- Exercise goal
Everything in the data must be repeated exactly, apart from the pictures, which are left out.

- Given information
* * * *

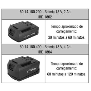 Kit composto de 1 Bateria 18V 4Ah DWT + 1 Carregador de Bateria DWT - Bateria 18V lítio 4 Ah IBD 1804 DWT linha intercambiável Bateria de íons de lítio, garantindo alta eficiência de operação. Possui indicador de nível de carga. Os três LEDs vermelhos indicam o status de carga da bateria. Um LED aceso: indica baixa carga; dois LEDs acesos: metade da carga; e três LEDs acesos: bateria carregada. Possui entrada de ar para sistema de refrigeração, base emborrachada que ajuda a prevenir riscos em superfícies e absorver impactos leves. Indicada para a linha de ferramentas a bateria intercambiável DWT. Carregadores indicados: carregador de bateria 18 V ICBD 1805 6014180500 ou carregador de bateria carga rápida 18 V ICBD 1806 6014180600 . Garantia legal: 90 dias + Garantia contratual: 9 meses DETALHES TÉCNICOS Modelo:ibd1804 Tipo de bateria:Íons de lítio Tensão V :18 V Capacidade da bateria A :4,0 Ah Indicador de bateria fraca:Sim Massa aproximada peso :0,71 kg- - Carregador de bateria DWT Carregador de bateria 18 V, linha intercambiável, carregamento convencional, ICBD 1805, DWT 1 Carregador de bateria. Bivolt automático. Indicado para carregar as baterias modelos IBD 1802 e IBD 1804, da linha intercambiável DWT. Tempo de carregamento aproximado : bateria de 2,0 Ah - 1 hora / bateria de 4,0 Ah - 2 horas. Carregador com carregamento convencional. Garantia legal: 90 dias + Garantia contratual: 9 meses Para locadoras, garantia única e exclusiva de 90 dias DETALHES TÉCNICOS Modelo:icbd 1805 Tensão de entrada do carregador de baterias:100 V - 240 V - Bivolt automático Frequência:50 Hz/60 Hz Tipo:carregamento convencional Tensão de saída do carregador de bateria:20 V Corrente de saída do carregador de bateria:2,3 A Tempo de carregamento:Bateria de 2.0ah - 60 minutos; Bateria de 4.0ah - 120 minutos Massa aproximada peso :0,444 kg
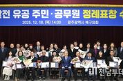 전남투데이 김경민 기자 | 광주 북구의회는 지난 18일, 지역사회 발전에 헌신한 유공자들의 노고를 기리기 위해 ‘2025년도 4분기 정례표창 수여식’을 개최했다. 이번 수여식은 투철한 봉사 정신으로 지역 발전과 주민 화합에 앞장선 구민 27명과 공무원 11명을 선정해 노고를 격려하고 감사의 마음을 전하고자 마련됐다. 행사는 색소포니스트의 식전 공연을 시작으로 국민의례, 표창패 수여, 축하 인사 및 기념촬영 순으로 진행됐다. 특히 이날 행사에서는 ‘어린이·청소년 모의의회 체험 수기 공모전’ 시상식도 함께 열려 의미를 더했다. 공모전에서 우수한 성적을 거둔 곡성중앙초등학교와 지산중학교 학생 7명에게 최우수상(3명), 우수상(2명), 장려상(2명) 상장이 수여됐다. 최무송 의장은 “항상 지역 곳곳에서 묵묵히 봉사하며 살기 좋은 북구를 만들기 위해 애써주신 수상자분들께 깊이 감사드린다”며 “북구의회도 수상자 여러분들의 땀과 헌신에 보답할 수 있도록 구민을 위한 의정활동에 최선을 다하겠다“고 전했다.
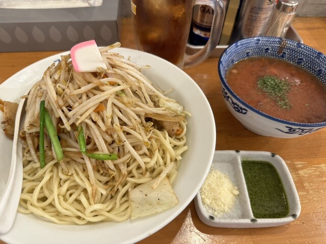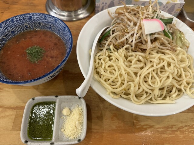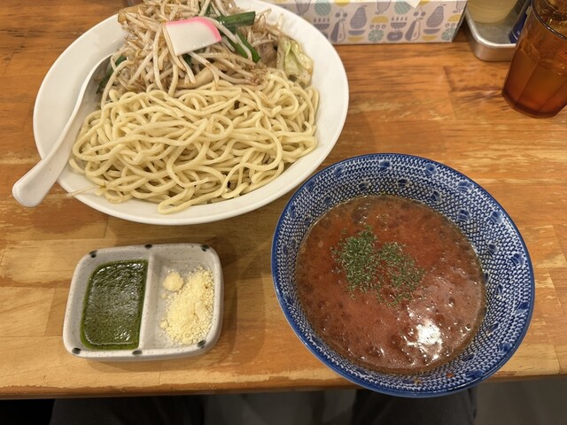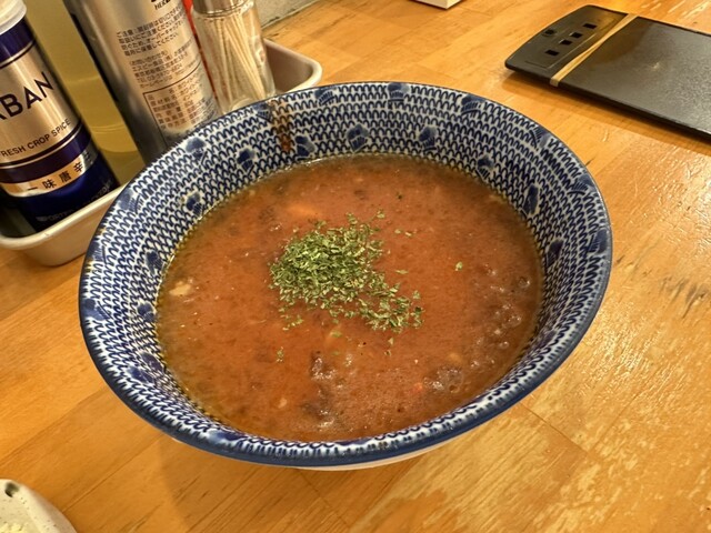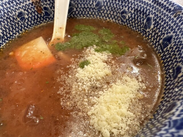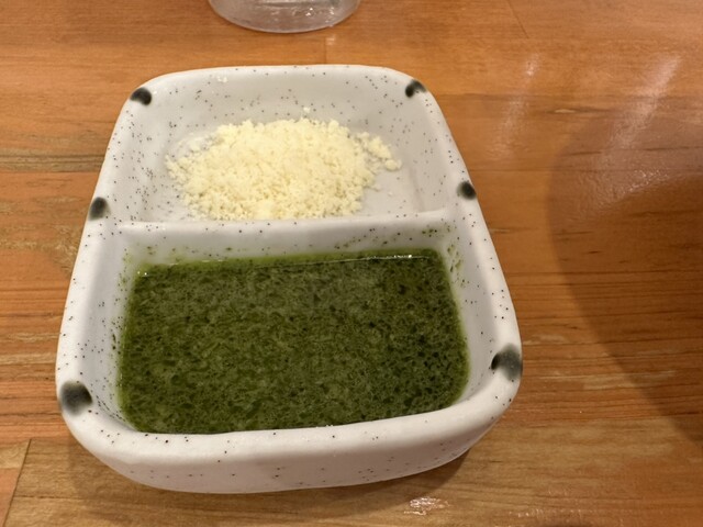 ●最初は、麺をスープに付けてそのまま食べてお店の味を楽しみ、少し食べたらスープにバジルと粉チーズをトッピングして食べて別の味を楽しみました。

* * * *

- Written solution
 Kit composto de 1 Bateria 18V 4Ah DWT + 1 Carregador de Bateria DWT - Bateria 18V lítio 4 Ah IBD 1804 DWT linha intercambiável Bateria de íons de lítio, garantindo alta eficiência de operação. Possui indicador de nível de carga. Os três LEDs vermelhos indicam o status de carga da bateria. Um LED aceso: indica baixa carga; dois LEDs acesos: metade da carga; e três LEDs acesos: bateria carregada. Possui entrada de ar para sistema de refrigeração, base emborrachada que ajuda a prevenir riscos em superfícies e absorver impactos leves. Indicada para a linha de ferramentas a bateria intercambiável DWT. Carregadores indicados: carregador de bateria 18 V ICBD 1805 6014180500 ou carregador de bateria carga rápida 18 V ICBD 1806 6014180600 . Garantia legal: 90 dias + Garantia contratual: 9 meses DETALHES TÉCNICOS Modelo:ibd1804 Tipo de bateria:Íons de lítio Tensão V :18 V Capacidade da bateria A :4,0 Ah Indicador de bateria fraca:Sim Massa aproximada peso :0,71 kg- - Carregador de bateria DWT Carregador de bateria 18 V, linha intercambiável, carregamento convencional, ICBD 1805, DWT 1 Carregador de bateria. Bivolt automático. Indicado para carregar as baterias modelos IBD 1802 e IBD 1804, da linha intercambiável DWT. Tempo de carregamento aproximado : bateria de 2,0 Ah - 1 hora / bateria de 4,0 Ah - 2 horas. Carregador com carregamento convencional. Garantia legal: 90 dias + Garantia contratual: 9 meses Para locadoras, garantia única e exclusiva de 90 dias DETALHES TÉCNICOS Modelo:icbd 1805 Tensão de entrada do carregador de baterias:100 V - 240 V - Bivolt automático Frequência:50 Hz/60 Hz Tipo:carregamento convencional Tensão de saída do carregador de bateria:20 V Corrente de saída do carregador de bateria:2,3 A Tempo de carregamento:Bateria de 2.0ah - 60 minutos; Bateria de 4.0ah - 120 minutos Massa aproximada peso :0,444 kg
 전남투데이 김경민 기자 | 광주 북구의회는 지난 18일, 지역사회 발전에 헌신한 유공자들의 노고를 기리기 위해 ‘2025년도 4분기 정례표창 수여식’을 개최했다. 이번 수여식은 투철한 봉사 정신으로 지역 발전과 주민 화합에 앞장선 구민 27명과 공무원 11명을 선정해 노고를 격려하고 감사의 마음을 전하고자 마련됐다. 행사는 색소포니스트의 식전 공연을 시작으로 국민의례, 표창패 수여, 축하 인사 및 기념촬영 순으로 진행됐다. 특히 이날 행사에서는 ‘어린이·청소년 모의의회 체험 수기 공모전’ 시상식도 함께 열려 의미를 더했다. 공모전에서 우수한 성적을 거둔 곡성중앙초등학교와 지산중학교 학생 7명에게 최우수상(3명), 우수상(2명), 장려상(2명) 상장이 수여됐다. 최무송 의장은 “항상 지역 곳곳에서 묵묵히 봉사하며 살기 좋은 북구를 만들기 위해 애써주신 수상자분들께 깊이 감사드린다”며 “북구의회도 수상자 여러분들의 땀과 헌신에 보답할 수 있도록 구민을 위한 의정활동에 최선을 다하겠다“고 전했다.
 ●最初は、麺をスープに付けてそのまま食べてお店の味を楽しみ、少し食べたらスープにバジルと粉チーズをトッピングして食べて別の味を楽しみました。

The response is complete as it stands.